The campaign against welfare has created heated rhetoric about the damage
welfare did-leading people into dependency, encouraging young women to
have children out of wedlock-and held women up as images of derelict people.
The rollback makes people more miserable in a material sense and also
makes the status of being a pauper much more horrifying.
It's a campaign that bubbles. It never disappeared from American political
culture. There were always efforts to attack welfare recipients and welfare,
usually on the same grounds: that welfare caused poverty, that welfare
caused laziness, that welfare caused sexual immorality. The same sorts
of arguments were made in England in the 1830s.
But these arguments became much more shrill and loud in the 1990s, primarily
because President Clinton jumped on the bandwagon. Welfare practices also
became much more degrading. In New York, when they first introduced workfare,
they made the welfare recipients who were assigned to carry garbage cans
around the city and pick up trash wear orange Day-Glo jackets, which bears
an eerie similarity to the branding of paupers at the close of the Middle
Ages.
Or to prison work crews, which often wear orange jumpsuits and do road
work. I'm sure that many workfare participants do feel like prisoners.
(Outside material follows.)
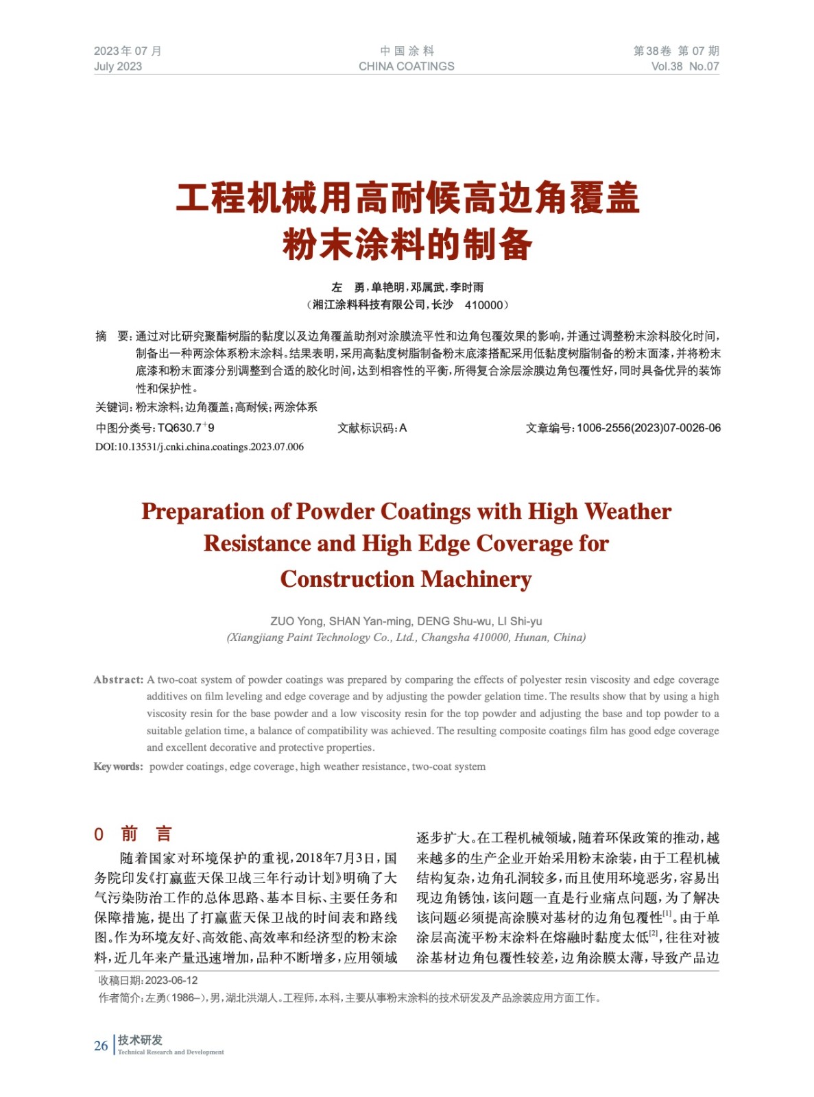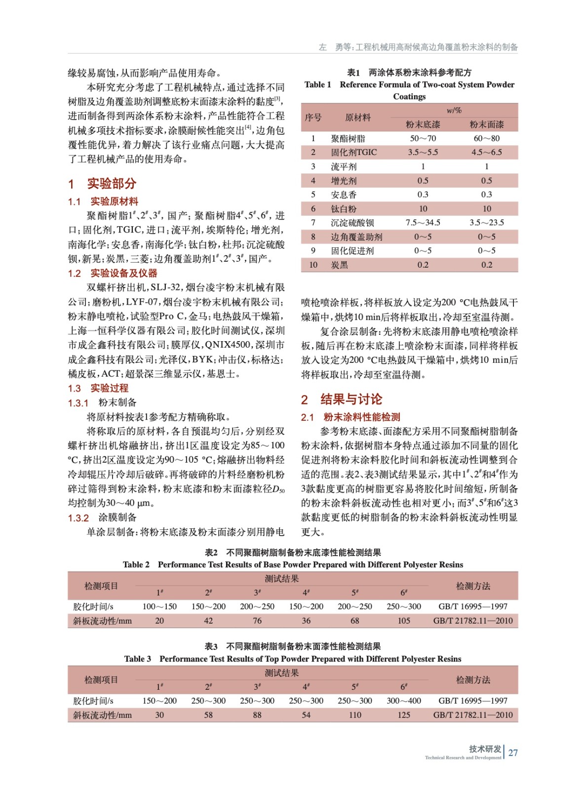 工程機(jī)械用高耐候高邊角覆蓋粉末涂料的制備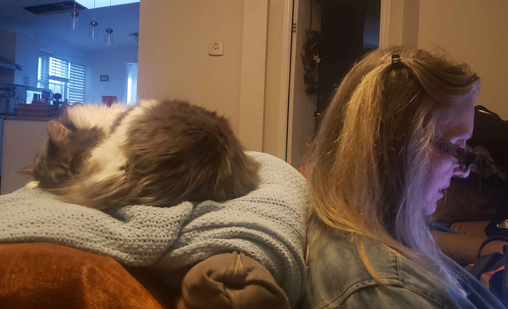 Posted by LaurenIt would be warmer for us both if he'd get on my lap, but it has to be his idea - though he still likes to stay close.

Welfare recipients are in an excruciatingly difficult position. On the
one hand, they are very politically and culturally vulnerable. And there
is a tendency for them to accept, at least on the surface, the definitions
deployed against them. They need support to assert what they also believe,
which is that the work they do, taking care of their children, and sometimes
disabled family members, is worthwhile. And when everyone is against them,
they shrink from those arguments, and instead tell reporters that they're
really glad for workfare.
At least those are the quotes reporters use in their stories. How do
you rate media coverage of poverty and related issues?
I don't think there is any coverage. If you watch television, the issue
has completely disappeared and that's where most people get their news.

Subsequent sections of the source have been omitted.